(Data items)
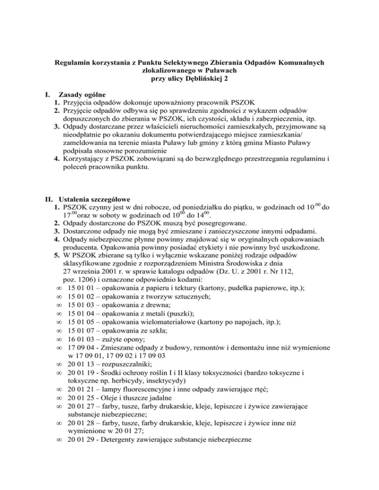 Regulamin korzystania z Punktu Selektywnego Zbierania Odpadów Komunalnych zlokalizowanego w Puławach przy ulicy Dęblińskiej 2 I. Zasady ogólne 1. Przyjęcia odpadów dokonuje upoważniony pracownik PSZOK 2. Przyjęcie odpadów odbywa się po sprawdzeniu zgodności z wykazem odpadów dopuszczonych do zbierania w PSZOK, ich czystości, składu i zabezpieczenia, itp. 3. Odpady dostarczane przez właścicieli nieruchomości zamieszkałych, przyjmowane są nieodpłatnie po okazaniu dokumentu potwierdzającego miejsce zamieszkania/ zameldowania na terenie miasta Puławy lub gminy z którą gmina Miasto Puławy podpisała stosowne porozumienie 4. Korzystający z PSZOK zobowiązani są do bezwzględnego przestrzegania regulaminu i poleceń pracownika punktu. II. Ustalenia szczegółowe 1. PSZOK czynny jest w dni robocze, od poniedziałku do piątku, w godzinach od 10.00 do 17.00oraz w soboty w godzinach od 1000 do 1400. 2. Odpady dostarczone do PSZOK muszą być posegregowane. 3. Dostarczone odpady nie mogą być zmieszane i zanieczyszczone innymi odpadami. 4. Odpady niebezpieczne płynne powinny znajdować się w oryginalnych opakowaniach producenta. Opakowania powinny posiadać etykiety i nie powinny być uszkodzone. 5. W PSZOK zbierane są tylko i wyłącznie wskazane poniżej rodzaje odpadów sklasyfikowane zgodnie z rozporządzeniem Ministra Środowiska z dnia 27 września 2001 r. w sprawie katalogu odpadów (Dz. U. z 2001 r. Nr 112, poz. 1206) i oznaczone odpowiednio kodami: • 15 01 01 – opakowania z papieru i tektury (kartony, pudełka papierowe, itp.); • 15 01 02 – opakowania z tworzyw sztucznych; • 15 01 03 – opakowania z drewna; • 15 01 04 – opakowania z metali (puszki); • 15 01 05 – opakowania wielomateriałowe (kartony po napojach, itp.); • 15 01 07 – opakowania ze szkła; • 16 01 03 – zużyte opony; • 17 09 04 - Zmieszane odpady z budowy, remontów i demontażu inne niż wymienione w 17 09 01, 17 09 02 i 17 09 03 • 20 01 13 – rozpuszczalniki; • 20 01 19 - Środki ochrony roślin I i II klasy toksyczności (bardzo toksyczne i toksyczne np. herbicydy, insektycydy) • 20 01 21 – lampy fluorescencyjne i inne odpady zawierające rtęć; • 20 01 25 - Oleje i tłuszcze jadalne • 20 01 27 – farby, tusze, farby drukarskie, kleje, lepiszcze i żywice zawierające substancje niebezpieczne; • 20 01 28 – farby, tusze, farby drukarskie, kleje, lepiszcze i żywice inne niż wymienione w 20 01 27; • 20 01 29 - Detergenty zawierające substancje niebezpieczne • • • • • • • • • • • 6. 7. 8. 20 01 30 - Detergenty inne niż wymienione w 20 01 29 20 01 31 – leki cytotoksyczne i cytostatyczne; 20 01 32 – leki inne niż wymienione w 20 01 31; 20 01 33 – Baterie i akumulatory łącznie z bateriami i akumulatorami wymienionymi w 16 06 01, 16 06 02 lub 16 06 03 oraz nie sortowane baterie i akumulatory zawierające te baterie; 20 01 34 – baterie i akumulatory inne niż wymienione w 20 01 33; 20 01 35 – zużyte urządzenia elektryczne i elektroniczne inne niż wymienione 20 01 36 – zużyte urządzenia elektryczne i elektroniczne inne niż wymienione w 20 01 21, 20 01 23 i 20 01 35; 20 01 80 – środki ochrony roślin inne niż wymienione w 20 01 19; 20 02 01 – odpady ulegające biodegradacji (gałęzie, liście, skoszona trawa). 20 03 07 - Odpady wielkogabarytowe 20 03 99 Odpady komunalne niewymienione w innych podgrupach (popiół) Dostarczający odpady zobowiązany jest do natychmiastowego zabrania odpadów w przypadku: stwierdzenia przez pracownika PSZOK-u, iż odpady dostarczone nie znajdują się na wykazie odpadów aktualnie przyjmowanych, stwierdzenia zanieczyszczeń i zabrudzeń w dostarczonych odpadach, stwierdzenia braku możliwości identyfikacji odpadów niebezpiecznych. Do PSZOK nie są przyjmowane następujące rodzaje odpadów: • odpady zawierające azbest • zmieszane odpady komunalne • części samochodowe Każdorazowe przyjęcie odpadów do PSZOK potwierdzane jest na formularzu przyjęcia odpadów. III. Postanowienia końcowe 1. Wszelkich informacji o pracy Punktu udziela pracownik PSZOK-u na miejscu lub pod numerem telefonu 81886 20 18 wew. 105 lub 106. 2. Regulamin korzystania z Punktu Selektywnego Zbierania Odpadów Komunalnych jest dostępny na stronie internetowej ZUK www.zuk.pulawy.pl i Urzędu Miasta Puławy www.um.pulawy.pl 3. Osoby przebywające na terenie PSZOK obowiązane są do: • przestrzegania zaleceń obsługi PSZOK, w szczególności w zakresie miejsca złożenia odpadów oraz sposobu poruszania się po PSZOK; • zachowania wymogów bezpieczeństwa, w szczególności nieużywania źródeł otwartego ognia; • zachowania kierunku przemieszczania się wynikającego z oznaczeń; • stosowania się do ogólnych zasad ruchu drogowego.
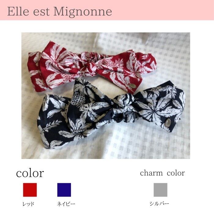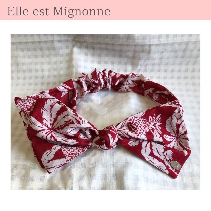 パイナップル柄のリゾート感溢れるリボンヘアバンドです。
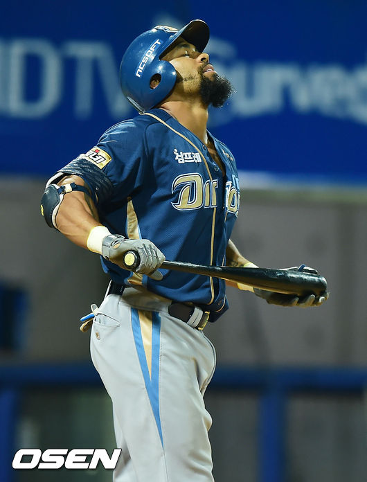 27일 오후 포항 야구장에서 열린 '2014 한국야쿠르트 세븐 프로야구' 삼성 라이온즈와 NC 다이노스의 경기, 7회초 1사 주자 1,2루 NC 테임즈가 타석에서 삼진아웃을 당한 후 아쉬워하고 있다.
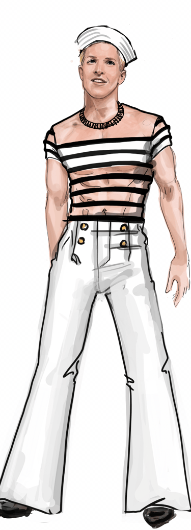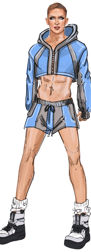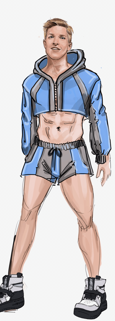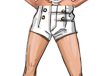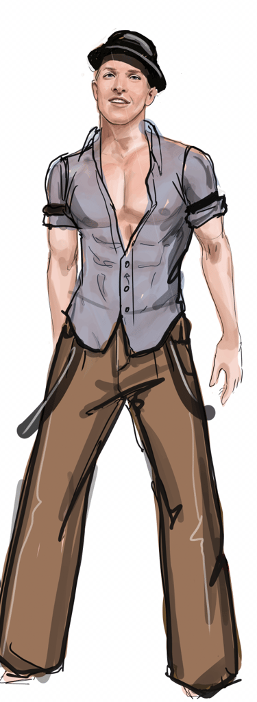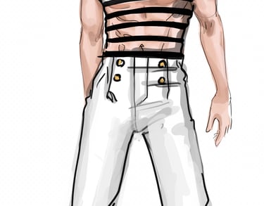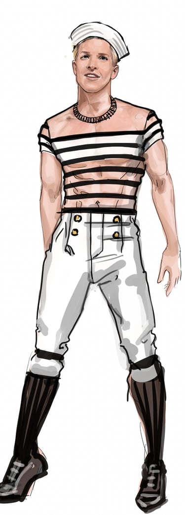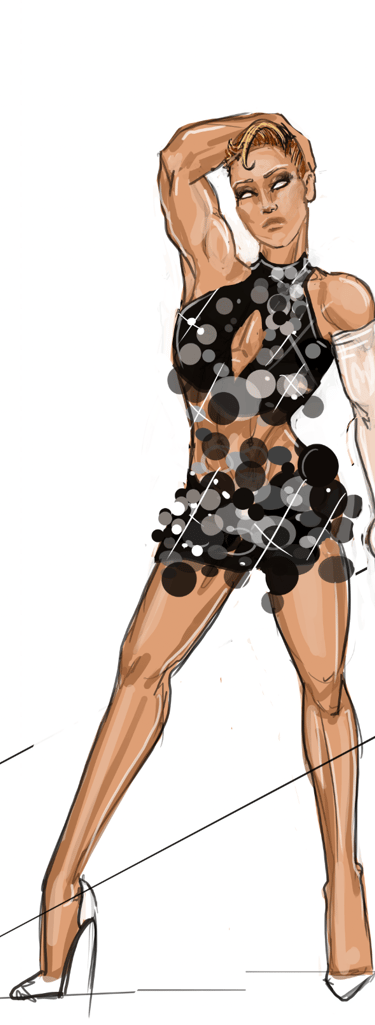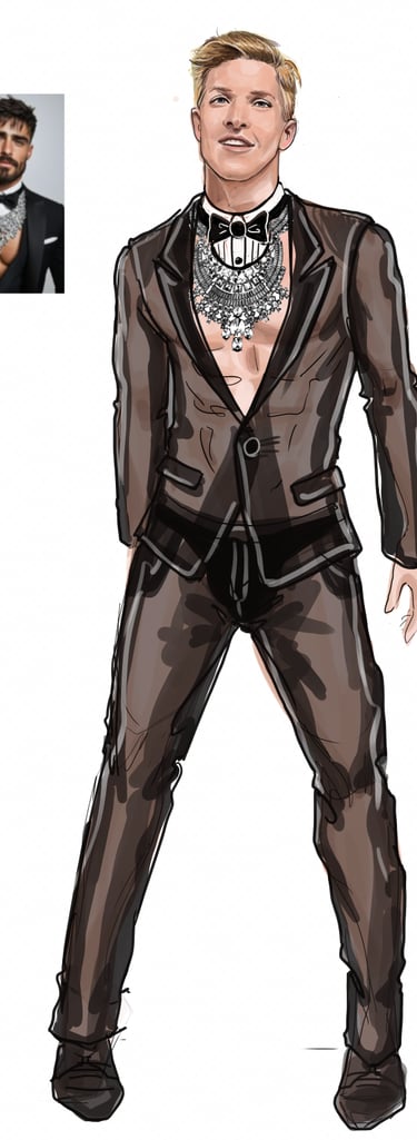 Trey, also known as Chardonnay, is the boylesque act. A campy, sexy, comedic, and bold personality and performer. Their costumes are revealing, often incorporating corsetry, high heels, and playful gender-bending elements. The aesthetic is campy and confident, pushing boundaries with humor and sensuality. Chardonnay’s look is built for both spectacle and comedy.
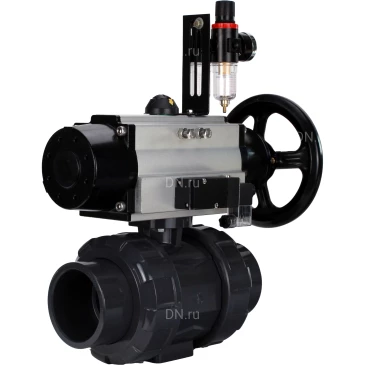 Кран шаровой DN.ru BV4242E-FP-GRM-ISO Дн15 Ру10 полнопроходной, корпус - НПВХ, шар - НПВХ, уплотнение - EPDM, с пневмоприводом PA-DA-105-1, пневмораспределителем 4M310-08 24В и БПВ AFC2000
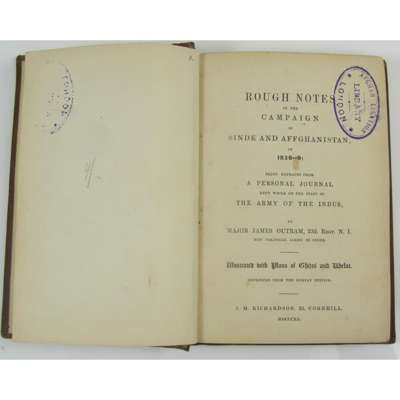 Rough Notes of the Campaign in Sinde and Affghanistan, in 1838-9. [London]: J.M. Richardson, 1840. First edition, 8vo, 2 folding plans, "Afghan Legation London Library" stamp to title, rebacked retaining most of original spine, faded
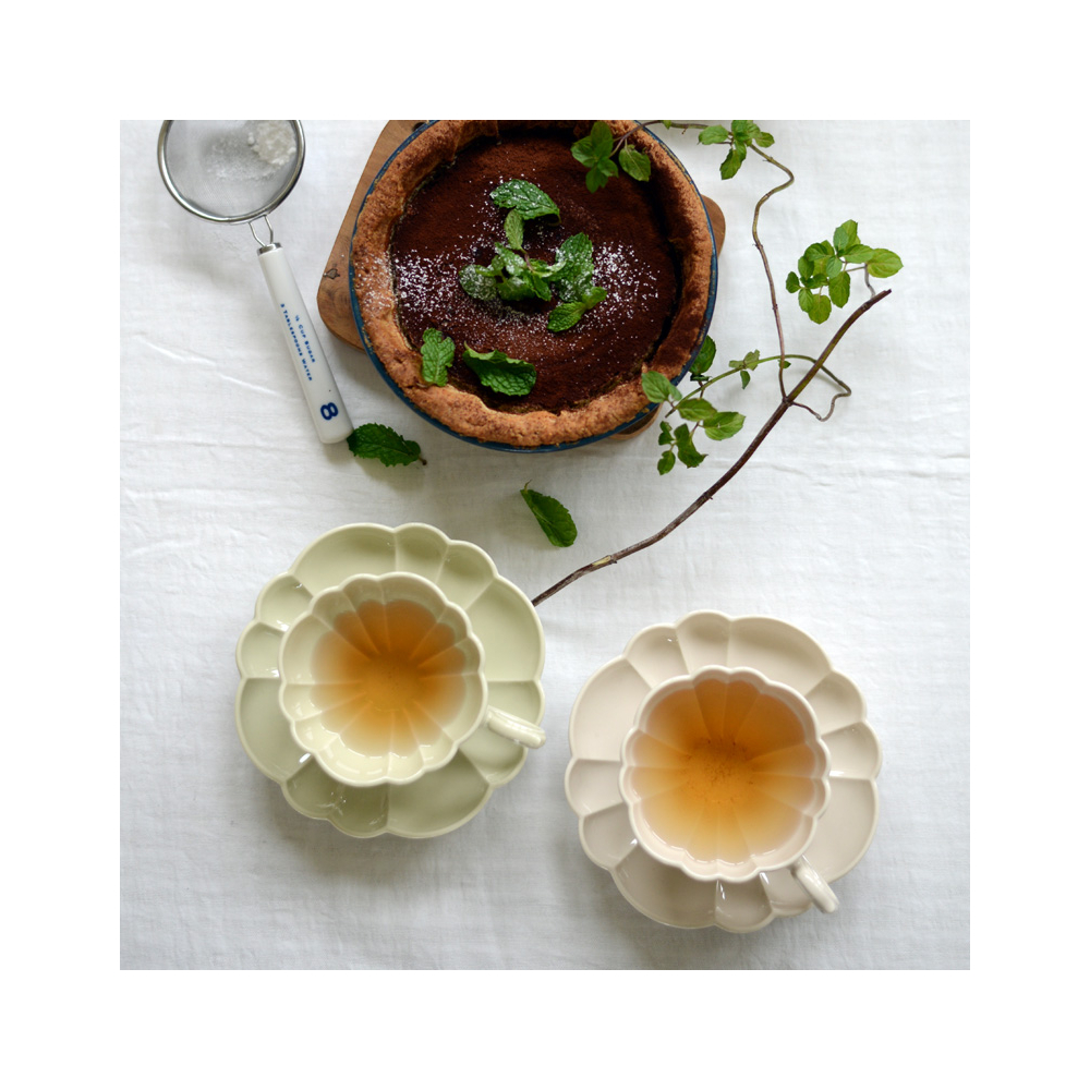 花型のカップ&ソーサーが並ぶテーブルは、まるで花束のように可憐で優雅な印象に。
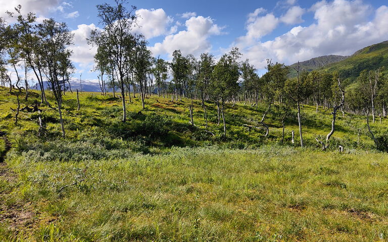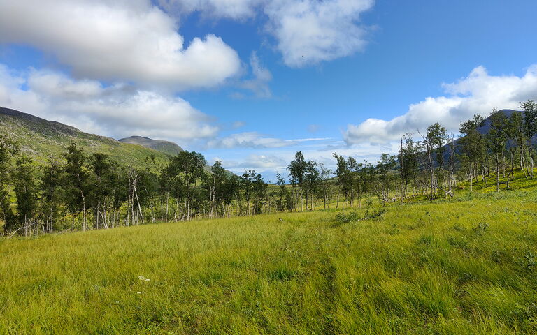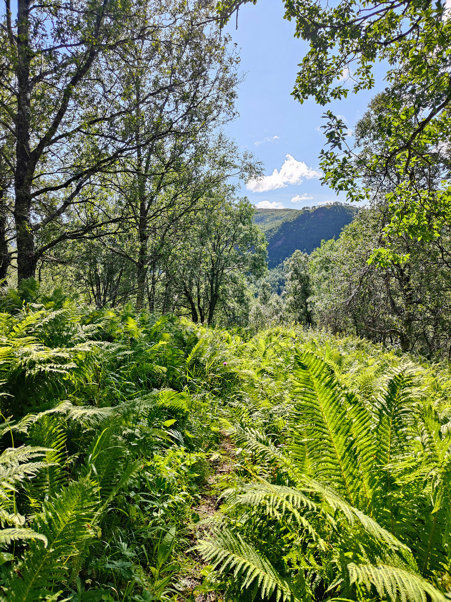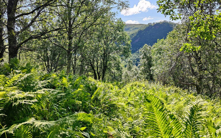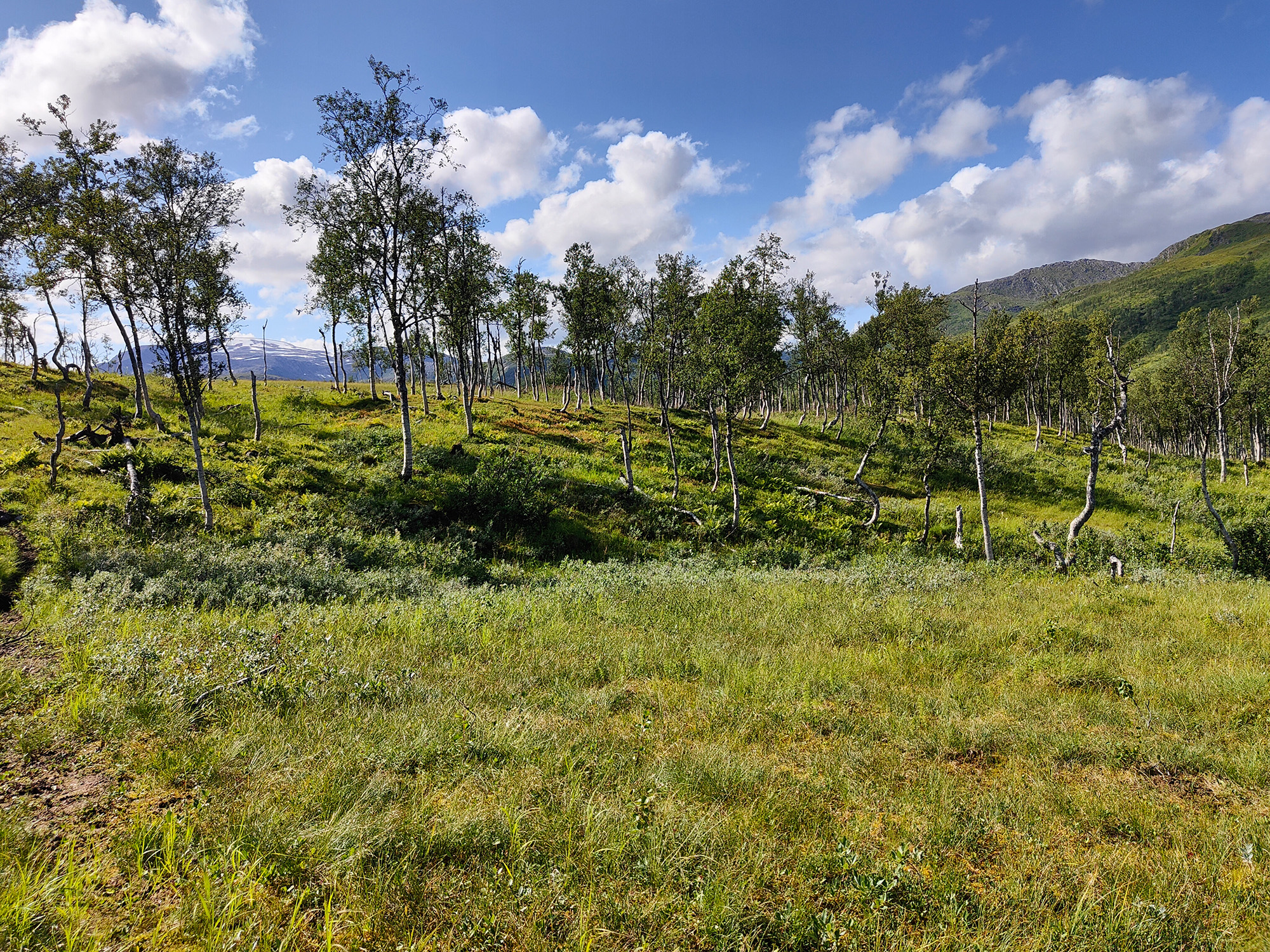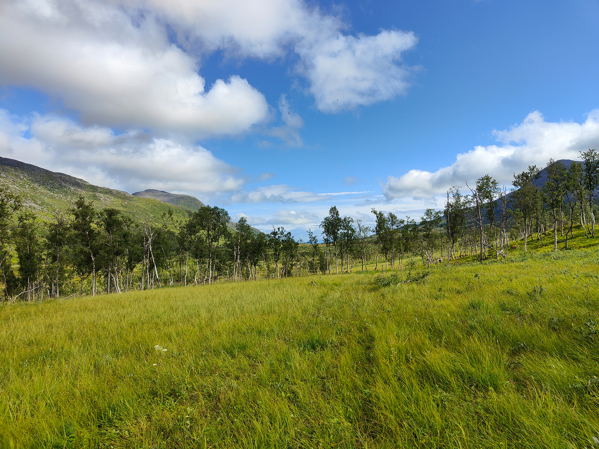 Nach einem ziemlich steilen Aufstieg durch dicht bewachsenen Wald voller Farn, erreichten wir schliesslich schweissgebadet erste lichtere Stellen und eine Hochebene. Es war atemberaubend schön! Keine Menschenseele, nur die Weite, der Wind und saubere Luft. Inzwischen hatten wir auch kurzzeitig wieder Handyempfang, was uns aber nur bestätigte, dass wir am völlig falschen Ort gelandet waren. Jäänu, das Gebiet sah so aus wie wir es uns erhofft hatten und es sah vielversprechend aus, für unsere Suche nach den multebær.

Work task: Take the data above and repeat it exactly, leaving each picture out.

Response to this exercise:
 Regulamin korzystania z Punktu Selektywnego Zbierania Odpadów Komunalnych zlokalizowanego w Puławach przy ulicy Dęblińskiej 2 I. Zasady ogólne 1. Przyjęcia odpadów dokonuje upoważniony pracownik PSZOK 2. Przyjęcie odpadów odbywa się po sprawdzeniu zgodności z wykazem odpadów dopuszczonych do zbierania w PSZOK, ich czystości, składu i zabezpieczenia, itp. 3. Odpady dostarczane przez właścicieli nieruchomości zamieszkałych, przyjmowane są nieodpłatnie po okazaniu dokumentu potwierdzającego miejsce zamieszkania/ zameldowania na terenie miasta Puławy lub gminy z którą gmina Miasto Puławy podpisała stosowne porozumienie 4. Korzystający z PSZOK zobowiązani są do bezwzględnego przestrzegania regulaminu i poleceń pracownika punktu. II. Ustalenia szczegółowe 1. PSZOK czynny jest w dni robocze, od poniedziałku do piątku, w godzinach od 10.00 do 17.00oraz w soboty w godzinach od 1000 do 1400. 2. Odpady dostarczone do PSZOK muszą być posegregowane. 3. Dostarczone odpady nie mogą być zmieszane i zanieczyszczone innymi odpadami. 4. Odpady niebezpieczne płynne powinny znajdować się w oryginalnych opakowaniach producenta. Opakowania powinny posiadać etykiety i nie powinny być uszkodzone. 5. W PSZOK zbierane są tylko i wyłącznie wskazane poniżej rodzaje odpadów sklasyfikowane zgodnie z rozporządzeniem Ministra Środowiska z dnia 27 września 2001 r. w sprawie katalogu odpadów (Dz. U. z 2001 r. Nr 112, poz. 1206) i oznaczone odpowiednio kodami: • 15 01 01 – opakowania z papieru i tektury (kartony, pudełka papierowe, itp.); • 15 01 02 – opakowania z tworzyw sztucznych; • 15 01 03 – opakowania z drewna; • 15 01 04 – opakowania z metali (puszki); • 15 01 05 – opakowania wielomateriałowe (kartony po napojach, itp.); • 15 01 07 – opakowania ze szkła; • 16 01 03 – zużyte opony; • 17 09 04 - Zmieszane odpady z budowy, remontów i demontażu inne niż wymienione w 17 09 01, 17 09 02 i 17 09 03 • 20 01 13 – rozpuszczalniki; • 20 01 19 - Środki ochrony roślin I i II klasy toksyczności (bardzo toksyczne i toksyczne np. herbicydy, insektycydy) • 20 01 21 – lampy fluorescencyjne i inne odpady zawierające rtęć; • 20 01 25 - Oleje i tłuszcze jadalne • 20 01 27 – farby, tusze, farby drukarskie, kleje, lepiszcze i żywice zawierające substancje niebezpieczne; • 20 01 28 – farby, tusze, farby drukarskie, kleje, lepiszcze i żywice inne niż wymienione w 20 01 27; • 20 01 29 - Detergenty zawierające substancje niebezpieczne • • • • • • • • • • • 6. 7. 8. 20 01 30 - Detergenty inne niż wymienione w 20 01 29 20 01 31 – leki cytotoksyczne i cytostatyczne; 20 01 32 – leki inne niż wymienione w 20 01 31; 20 01 33 – Baterie i akumulatory łącznie z bateriami i akumulatorami wymienionymi w 16 06 01, 16 06 02 lub 16 06 03 oraz nie sortowane baterie i akumulatory zawierające te baterie; 20 01 34 – baterie i akumulatory inne niż wymienione w 20 01 33; 20 01 35 – zużyte urządzenia elektryczne i elektroniczne inne niż wymienione 20 01 36 – zużyte urządzenia elektryczne i elektroniczne inne niż wymienione w 20 01 21, 20 01 23 i 20 01 35; 20 01 80 – środki ochrony roślin inne niż wymienione w 20 01 19; 20 02 01 – odpady ulegające biodegradacji (gałęzie, liście, skoszona trawa). 20 03 07 - Odpady wielkogabarytowe 20 03 99 Odpady komunalne niewymienione w innych podgrupach (popiół) Dostarczający odpady zobowiązany jest do natychmiastowego zabrania odpadów w przypadku: stwierdzenia przez pracownika PSZOK-u, iż odpady dostarczone nie znajdują się na wykazie odpadów aktualnie przyjmowanych, stwierdzenia zanieczyszczeń i zabrudzeń w dostarczonych odpadach, stwierdzenia braku możliwości identyfikacji odpadów niebezpiecznych. Do PSZOK nie są przyjmowane następujące rodzaje odpadów: • odpady zawierające azbest • zmieszane odpady komunalne • części samochodowe Każdorazowe przyjęcie odpadów do PSZOK potwierdzane jest na formularzu przyjęcia odpadów. III. Postanowienia końcowe 1. Wszelkich informacji o pracy Punktu udziela pracownik PSZOK-u na miejscu lub pod numerem telefonu 81886 20 18 wew. 105 lub 106. 2. Regulamin korzystania z Punktu Selektywnego Zbierania Odpadów Komunalnych jest dostępny na stronie internetowej ZUK www.zuk.pulawy.pl i Urzędu Miasta Puławy www.um.pulawy.pl 3. Osoby przebywające na terenie PSZOK obowiązane są do: • przestrzegania zaleceń obsługi PSZOK, w szczególności w zakresie miejsca złożenia odpadów oraz sposobu poruszania się po PSZOK; • zachowania wymogów bezpieczeństwa, w szczególności nieużywania źródeł otwartego ognia; • zachowania kierunku przemieszczania się wynikającego z oznaczeń; • stosowania się do ogólnych zasad ruchu drogowego.
 パイナップル柄のリゾート感溢れるリボンヘアバンドです。
 27일 오후 포항 야구장에서 열린 '2014 한국야쿠르트 세븐 프로야구' 삼성 라이온즈와 NC 다이노스의 경기, 7회초 1사 주자 1,2루 NC 테임즈가 타석에서 삼진아웃을 당한 후 아쉬워하고 있다.
 Trey, also known as Chardonnay, is the boylesque act. A campy, sexy, comedic, and bold personality and performer. Their costumes are revealing, often incorporating corsetry, high heels, and playful gender-bending elements. The aesthetic is campy and confident, pushing boundaries with humor and sensuality. Chardonnay’s look is built for both spectacle and comedy.
 Кран шаровой DN.ru BV4242E-FP-GRM-ISO Дн15 Ру10 полнопроходной, корпус - НПВХ, шар - НПВХ, уплотнение - EPDM, с пневмоприводом PA-DA-105-1, пневмораспределителем 4M310-08 24В и БПВ AFC2000
 Rough Notes of the Campaign in Sinde and Affghanistan, in 1838-9. [London]: J.M. Richardson, 1840. First edition, 8vo, 2 folding plans, "Afghan Legation London Library" stamp to title, rebacked retaining most of original spine, faded
 花型のカップ&ソーサーが並ぶテーブルは、まるで花束のように可憐で優雅な印象に。
 Nach einem ziemlich steilen Aufstieg durch dicht bewachsenen Wald voller Farn, erreichten wir schliesslich schweissgebadet erste lichtere Stellen und eine Hochebene. Es war atemberaubend schön! Keine Menschenseele, nur die Weite, der Wind und saubere Luft. Inzwischen hatten wir auch kurzzeitig wieder Handyempfang, was uns aber nur bestätigte, dass wir am völlig falschen Ort gelandet waren. Jäänu, das Gebiet sah so aus wie wir es uns erhofft hatten und es sah vielversprechend aus, für unsere Suche nach den multebær.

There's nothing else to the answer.